国際宇宙ステーションでのタンパク質結晶生成実験結果から、
タンパク質やペプチドを栄養源とする歯周病原因菌の生育に重要な
ペプチド分解酵素 DPP11の立体構造および基質認識機構を解明
~新たな歯周病治療薬の開発に期待~
平成27年6月10日
学校法人 岩手医科大学
学校法人 昭和大学
国立大学法人 長岡技術科学大学
国立研究開発法人宇宙航空研究開発機構
ポイント
- 国際宇宙ステーション・「きぼう」日本実験棟での高品質タンパク質結晶生成実験を通じて、世界で初めて、歯周病原因菌の生育に重要なペプチド分解酵素DPP11の詳細な立体構造を明らかにしました。
- 得られた構造から、歯周病原因菌がDPP11を使って、病原菌の外側から取り込んだエネルギー源をどのようにして吸収できる形に変換しているかを解明し、歯周病の治療薬開発につながる重要な知見を得ました。
- この研究成果を通じて、歯周病原因菌だけでなく、タンパク質やペプチドを栄養源とする糖非発酵性病原菌に対する新たな抗菌薬開発の進展も期待できます。
岩手医科大学薬学部の阪本泰光(さかもと やすみつ)助教と昭和大学薬学部の田中信忠(たなか のぶただ)准教授、長岡技術科学大学工学部の小笠原渉(おがさわら わたる)准教授、国立研究開発法人宇宙航空研究開発機構(JAXA)太田和敬(おおた かずのり)主任開発員らの研究グループは、国際宇宙ステーション(ISS)「きぼう」日本実験棟(用語1)において歯周病原因菌の生育に重要なペプチド(用語2)分解酵素 DPP11の高品質な結晶を生成させ、X線を利用した構造解析法によって立体構造を世界で初めて明らかにしました。得られた構造からは、歯周病原因菌がこのDPP11を使って菌の外側から取り込んだエネルギー源(ペプチド)をどのようにして吸収できる形(ジペプチド)に変換しているか(ペプチドの分解機構と基質認識機構)を解明することができました。歯周病は、世界中で最も感染者数の多い感染症であり、口腔疾患にとどまらず、糖尿病、動脈硬化などの全身疾患に関与することが知られています。歯周病原因菌生育のエネルギー吸収に重要な役割を果たすDPP11の働きを知ることは、歯周病治療薬の開発につながる重要な知見となります。この成果は昨年発表したファミリーS46酵素として世界で初めて構造解析に成功したDAP BIIの研究に続く成果で、歯周病治療薬や新規抗菌薬の開発に向けた重要なステップとなるものです。

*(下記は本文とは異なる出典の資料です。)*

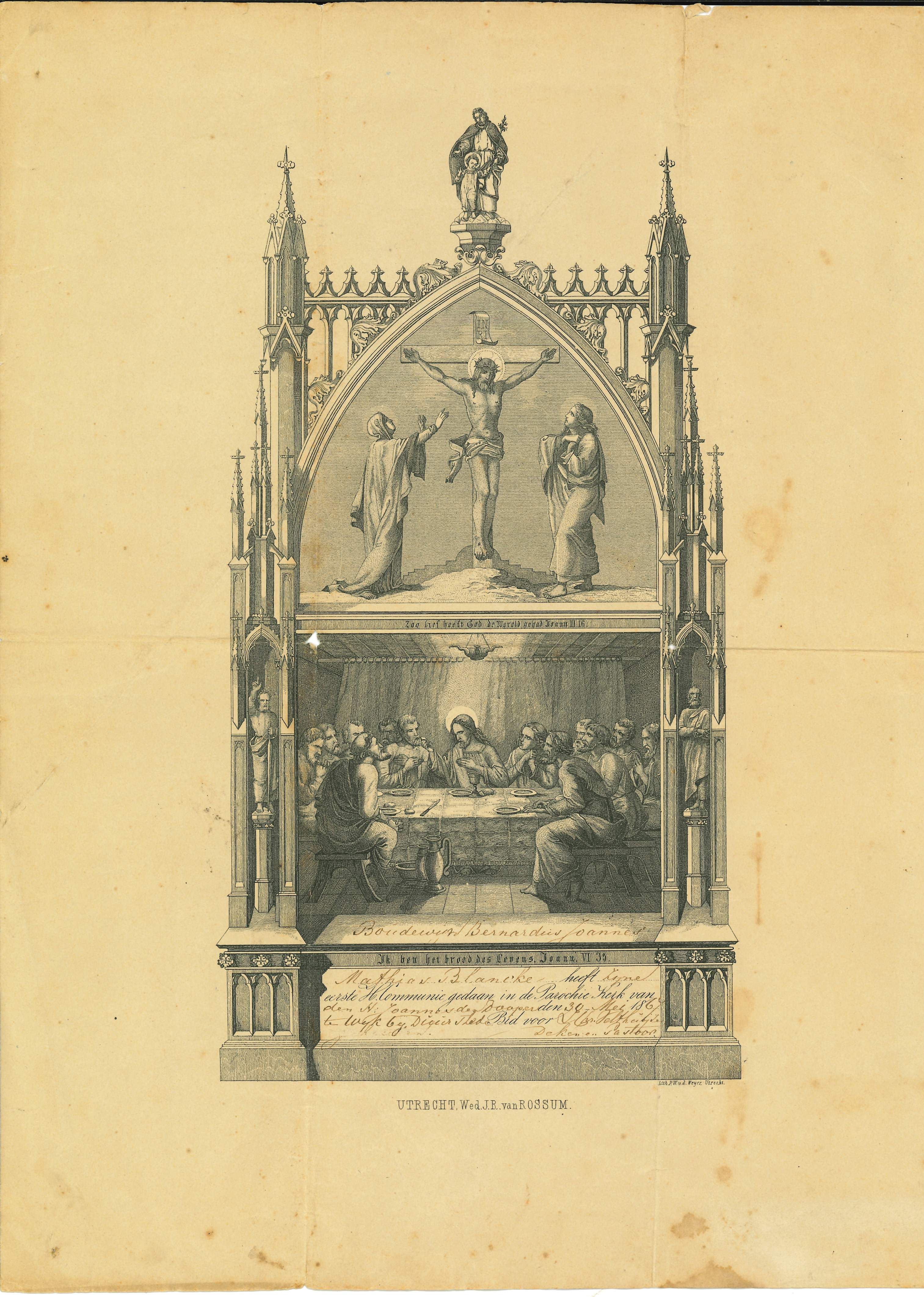 Communieprent met Christus aan het kruis en laatste avondmaal, van Boudewijn Bernardus Joannes Mathias Blancke, 30 mei 1867 te Wijk bij Duurstede

歯周病の原因菌であるPorphyromonas gingivalisは、タンパク質やペプチドを栄養源とする糖非発酵グラム陰性細菌(用語3)の仲間です。この歯周病原因菌が作り出すタンパク質やペプチドを分解するDPP11という酵素の働きを知ることによって、糖非発酵グラム陰性細菌に対する薬の開発につながる可能性があります。
本研究成果は、6月9日18時(日本時間)に雑誌:「Scientific Reports 」(Nature Publishing Group) DOI: 10:1038/srep11151
論文名:"Structural and mutational analyses of dipeptidyl peptidase 11 from Porphyromonas gingivalis reveal the molecular basis for strict substrate specificity"として掲載されました。
本研究の意義
現在、抗菌薬として用いられている多くの薬剤が効果を発揮する仕組み(作用機序)は、タンパク質合成阻害、ペプチドグリカン生合成阻害、βラクタマーゼ阻害、細胞壁合成阻害、DNA合成阻害に分類されます。これらの抗菌薬は、病原菌に特有なメカニズムや構造を持つ生体分子(標的分子)に対して作用しますが、これらの抗菌薬が効かない耐性菌の出現が大きな問題となっています。このような耐性菌への対策には、抗菌薬を適正に使用して耐性菌の出現を防ぐ以外に、これまでと異なる作用機序を持つ抗菌薬の開発が必要です。本研究では、糖非発酵グラム陰性細菌である歯周病原因菌や多剤耐性菌の多くが糖などの炭水化物の代わりにタンパク質やペプチドを分解して得られたアミノ酸を主たる栄養源とすることに着目しています。これらの細菌の内膜は、アミノ酸単独ではなく、アミノ酸が2個連なったジペプチドを選択的に透過するため、ペプチドを分解してジペプチドを作り出す酵素(ジペプチジルアミノペプチダーゼ)であるDPP11やDPP7といった細菌にのみ存在する酵素が細菌の生育や増殖に不可欠です(下図)。そのため、これらの酵素の働きを阻害する化合物は新たな抗菌薬となる可能性があります。近年の医薬品開発にはタンパク質の立体構造に基づく創薬(SBDD:Structure-Based Drug Design)という手法が用いられます。例えば、抗インフルエンザ薬のタミフルはインフルエンザウイルスが作り出すノイラミニダーゼというウイルスの増殖に重要な酵素の立体構造をX線結晶構造解析で明らかにして、その立体構造を基に酵素の働きを妨げる化合物を設計・開発されました。このように、SBDDによる創薬には、標的分子の立体構造の解明が不可欠です。
本研究では、糖非発酵グラム陰性細菌の外部からの栄養源の取り込みに必要なタンパク質のうち、歯周病原因菌や多剤耐性菌のような糖非発酵グラム陰性菌のみが持つファミリーS46ペプチダーゼという仲間に属する一連のタンパク質の中で重要な働きをもつタンパク質(DPP11)の立体構造解析に成功しました。ファミリーS46の重要なタンパク質として、DPP11とDPP7が知られており、昨年報告したDAP BIIはこのDPP7と類似していることから、これまでの成果で既にファミリーS46の2つの重要なタンパク質の立体構造を明らかにしたことになります。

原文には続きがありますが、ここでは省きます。